Many environments, not one

A workspace can link multiple environments — not just the one it was born against. A fleet of agents can run across all of them. Manage the set:

grackle workspace link-env <workspace-id> --env another-env
grackle workspace unlink-env <workspace-id> --env another-env

Budgets

A workspace can carry an aggregate token budget and cost budget (in millicents) that apply across all its tasks. Both default to 0 — unlimited. Tasks can set their own on top.

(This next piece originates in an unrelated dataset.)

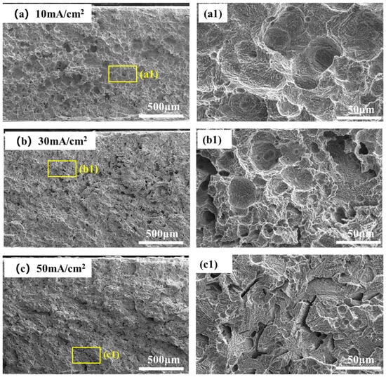 Microscale SEM images of the fracture surfaces of hydrogen-charged specimens at various hydrogen-charging current densities: (a1) corresponds to the high-magnification image of the yellow box in (a); (b1) corresponds to the high-magnification image of the yellow box in (b); (c1) corresponds to the high-magnification image of the yellow box in (c).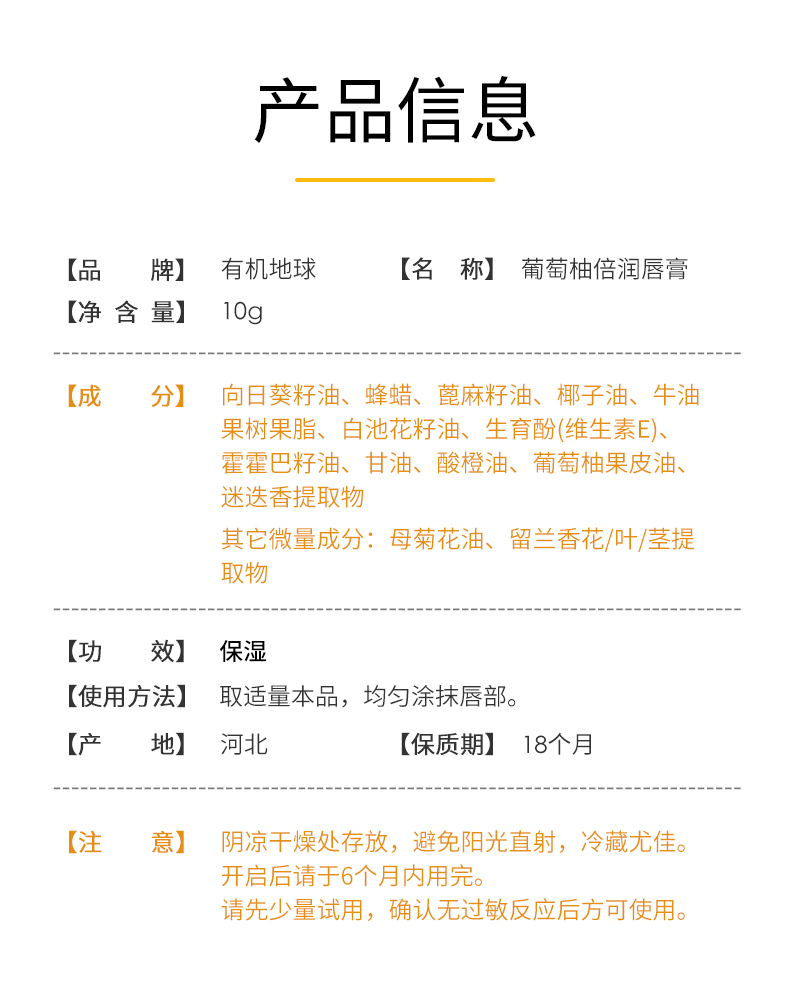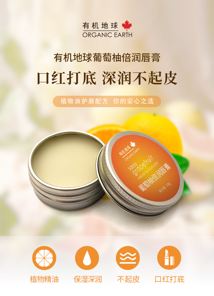 有机地球葡萄柚倍润唇膏10g植物保湿

Caps exist for a reason. An agent that loops at 3 AM spends real money. See Usage budgets.

Worktree isolation

With worktrees enabled (the default), each task gets its own git branch:

workspace-slug/task-slug          # root task
workspace-slug/task-slug/subtask # child task

Agents work in isolated git worktrees. Several agents can hit the same repo at once without trampling each other — every agent sees its own branch and its own working tree.

The working directory defaults to the repo root. Override it per-workspace:

grackle workspace create "My Workspace" --env my-docker --working-directory /workspaces/my-repo

Tasks are how you put a workspace to work. See Tasks & Sessions.